# TOSlink for Samsung TV Content,and sound effects shuts off AVR



## bozobytes (Nov 23, 2008)

When I hooked up my TV on the wall, quite a few people told me all I needed was one HDMI from TVDisplay to the AVR. Anyone familiar with these new Samsungs know about the side USB for Flash Videos and MP3 playability, not to mention the onboard TV Content Library. I tried to play a flash drive full of Mp3's but nothing. I saw the progress meter of the song on the TV screen but no sound. (thinking anything sound wise from the TV and any Video would come from the one HDMI.)  

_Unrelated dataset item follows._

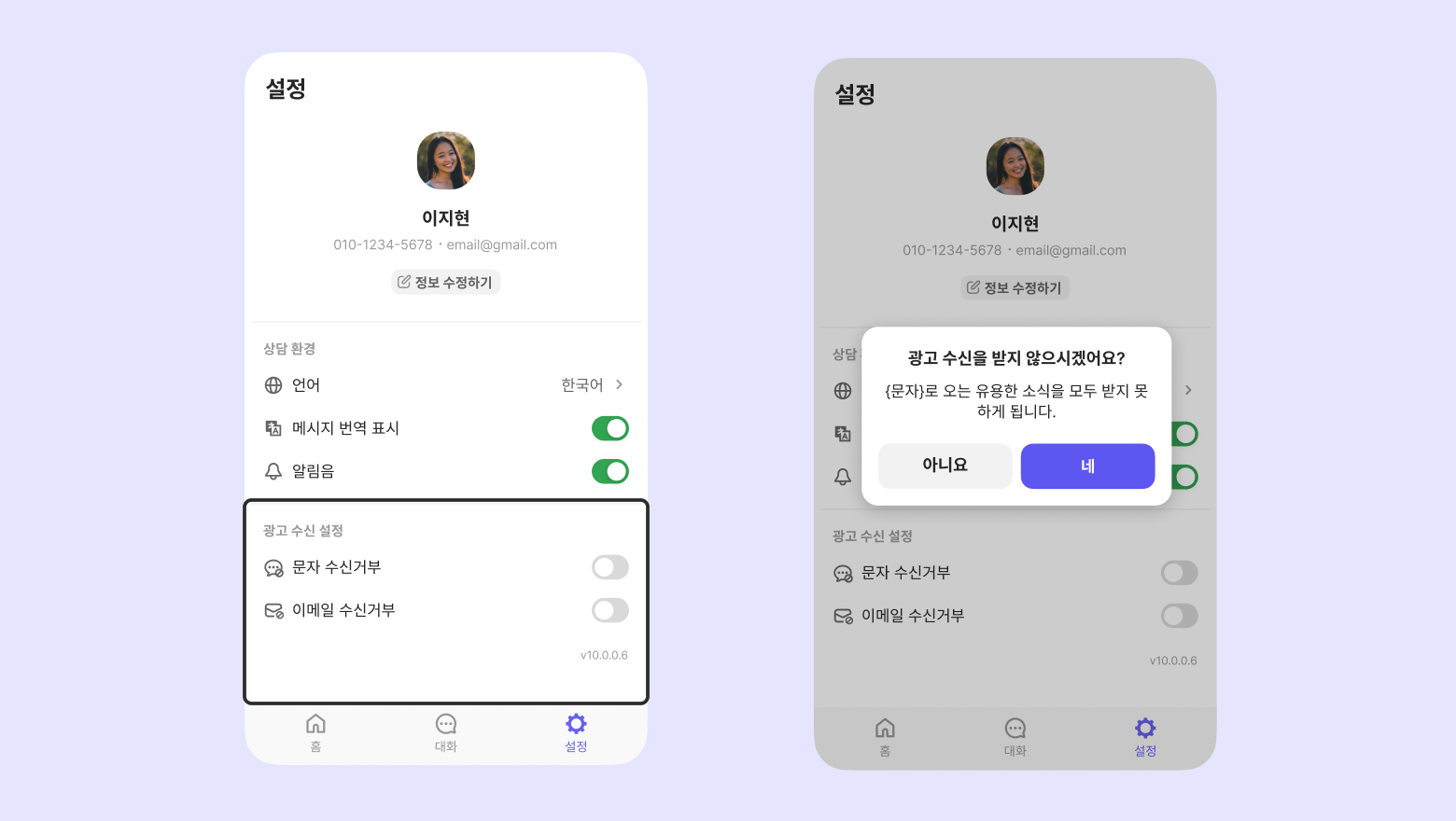 고객이 상담 환경 및 광고 수신 여부를 직접 설정할 수 있어요.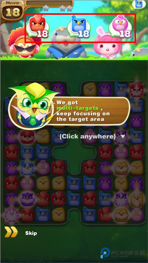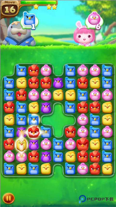 2、角色的独特技能融入到消除策略里,通过消除小鸟推进剧情故事,还能体验到小鸟们和绿猪的逗趣对抗大戏。

Does that mean I now have to remove the TV from the wall, and connect a TOS optical cable from the TV to the AVR receiver to get that extra sound from the flash drive connected to the TV?
__________________________________________________

On another wierd issue...and the first time this has happened. I'm watching a Non-blu-ray DVD of Tom Cruise's Valkyrie, and in the beginning sequence when he's walking away from the general, then they get attacked...I heard about three or four loud booms from some guns, which completely shut off my receiver. What causes that? I turned it back on and this happened two more times in a few loud sequences. The AVR audio mode was in Dolby PLIIx at the time. 
Samsung A750 / 
Yamaha 665 7.2 ch AVR /
Hsu research VT-12 6.1 speakers w/200w Sub
Time-Warner cable DVR


----------



## Sonnie (Apr 11, 2006)

Does the manual have anything about this? I have one myself, but I tell ya... I have not even looked into it yet. :huh:


----------